In Case No. 73345, State Farm appeals from the order establishing the trial court's version of the order of payment and awarding Mrs. Acheson prejudgment interest. In Case No. 73453, Mrs. Acheson cross-appeals, enumerating as error the trial court's striking of her claim for bad faith penalties and attorney fees.

1. Although we agree with the result reached by the trial court, *219 we do not find it necessary to resort to calculating the date on which the various expenses were incurred. Instead, we look to a basic principle of insurance law and to the purpose of the No-Fault Act.

"The law favors coverage, as that is the intent of purchasing insurance in the first place. [Cit.]" Reynolds v. Transport Ins. Co., 178 Ga. App. 462, 464 (343 SE2d 502) (1986). If the various expenses and entitlements involved in this case were to be distributed as the trial court ordered, there is sufficient coverage to meet them all without exhausting the coverage for which the Achesons paid State Farm. The notion that benefits should be allocated so as to maximize coverage is reinforced by the language in OCGA § 33-34-5 (a) (1), which directs that optional no-fault benefits be paid "as determined by the insured without apportionment" to cover certain listed expenses and entitlements, including those at issue in this case. Clearly, that principle supports the ruling of the trial court.

"The purposes of this no-fault statute include the elimination of wasteful litigation over moderate to small claims, and the provisions of certain minimal insurance coverage for automobile accident victims. [Cit.]" Cannon v. Georgia Farm &c. Ins. Co., 240 Ga. 479, 482 (241 SE2d 238) (1978). State Farm's grudging approach to allocation of losses among different coverages is contrary to both purposes of the Act. Obviously, State Farm's approach is intended to limit the amount payable to Mrs. Acheson as survivor's benefits, contravening the second stated purpose. As to the first stated purpose, we note that the amount of money at stake in the controversy concerning allocation of benefits is $1,360.33, which brings this case squarely within the class mentioned in Cannon.

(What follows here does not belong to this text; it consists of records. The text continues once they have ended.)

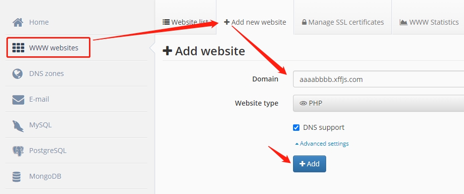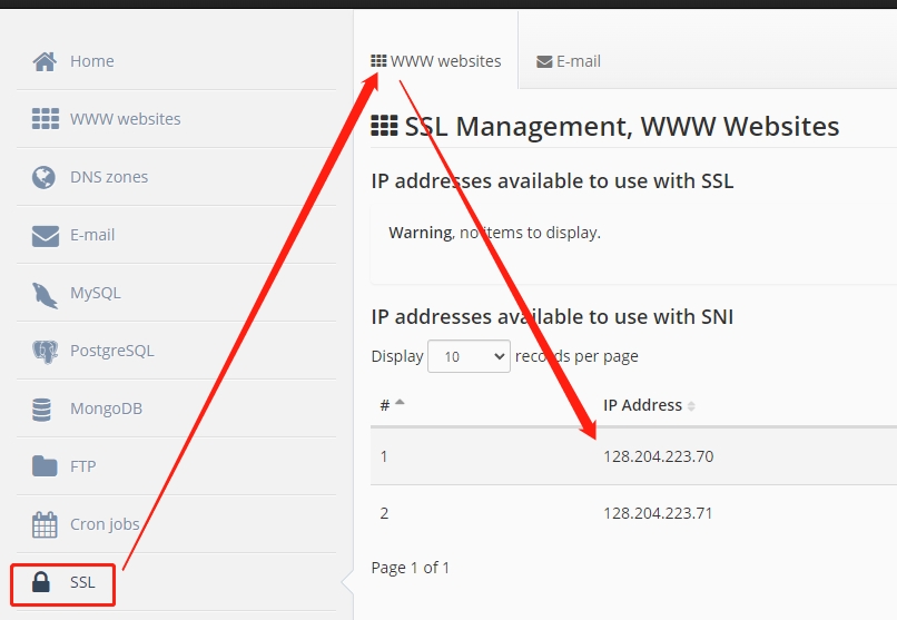 1、点击左侧的SSL—》WWW websites—》复制第一个IP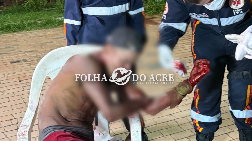 Os paramédicos chegaram ao local e encontraram a vítima sentado em uma cadeira em via pública bastante ensanguentado.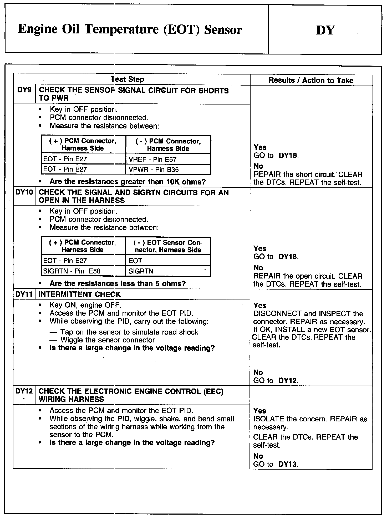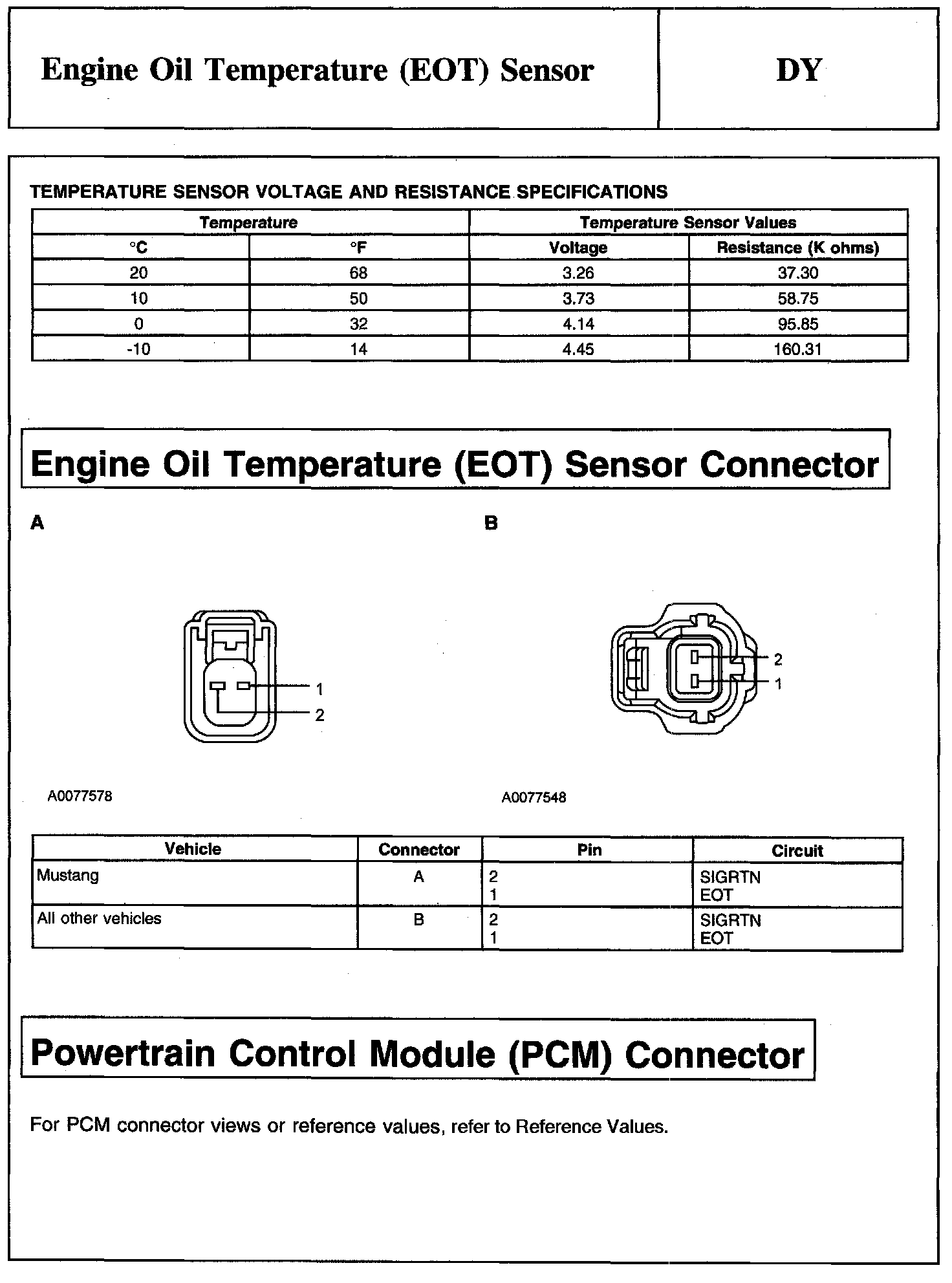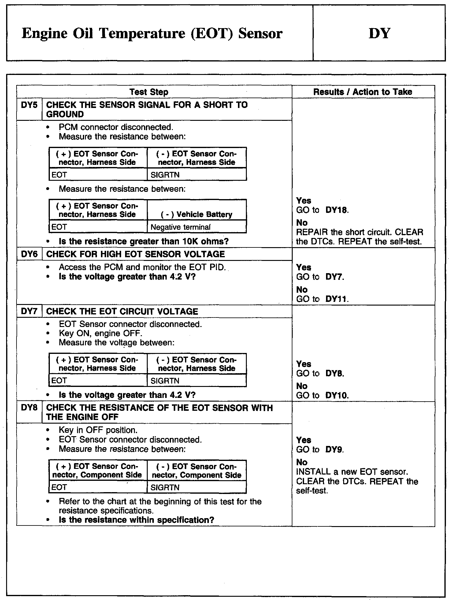 Tests DY: Engine Oil Temperature (EOT) Sensor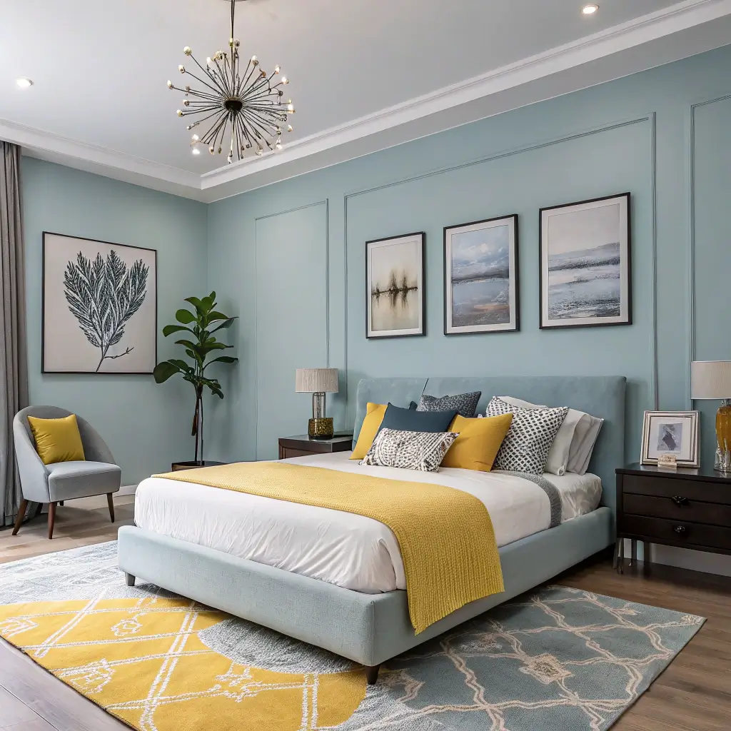 Contemporary Blue and Yellow Art-Focused Bedroom

We hold, therefore, that application of the principle stated in Reynolds, supra, and of the clear intent of the legislature in OCGA § 33-34-5 (a) (1) requires the conclusion that the coverage of the policy issued by State Farm should have been utilized so as to be most beneficial to the insured and the beneficiaries. In this case, that allocation was as the trial court directed.

2. The second issue raised in State Farm's appeal is the award of prejudgment interest. State Farm claims that the award is inappropriate because both liability and damages were contested. That contention is controlled adversely to State Farm by this court's opinion in Intl. Indem. Co. v. Terrell, 178 Ga. App. 570 (2) (344 SE2d 239) (1986). Contrary to State Farm's argument, the fact that the survivor's benefits were payable monthly for one year did not make the trial court's award of interest incorrect: the trial court calculated the interest on the basis of monthly payments of that benefit. We find no error in the award of interest for any reason asserted by State Farm.

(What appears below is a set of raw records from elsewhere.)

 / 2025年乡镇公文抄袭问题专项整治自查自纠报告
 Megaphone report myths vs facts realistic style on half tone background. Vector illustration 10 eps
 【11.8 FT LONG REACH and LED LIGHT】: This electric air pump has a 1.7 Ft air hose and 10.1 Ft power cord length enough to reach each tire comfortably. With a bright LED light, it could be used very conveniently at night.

3. In her cross-appeal, Mrs. Acheson complains of the trial court's action in striking, without explanation, her claim for bad faith *220 penalties and attorney fees. We agree with her concerns and reverse.

The question of the insurer's good faith or lack thereof is one of fact for the jury. Binns v. MARTA, 250 Ga. 847 (301 SE2d 877) (1983). While there are cases in which the issue can be decided as a matter of law, i.e., where there is no evidence of bad faith or where the evidence on the issue of liability is so close as to demand a finding of good faith (see Georgia Farm &c. Ins. Co. v. Matthews, 149 Ga. App. 350 (254 SE2d 413) (1979)), our review of the record does not support such a finding in this case. Accordingly, the portion of the trial court's order which struck Mrs. Acheson's claim for statutory bad faith penalties and attorney fees must be reversed.

Judgment affirmed in Case No. 73345; judgment reversed in Case No. 73453. Deen, P. J., and Beasley, J., concur.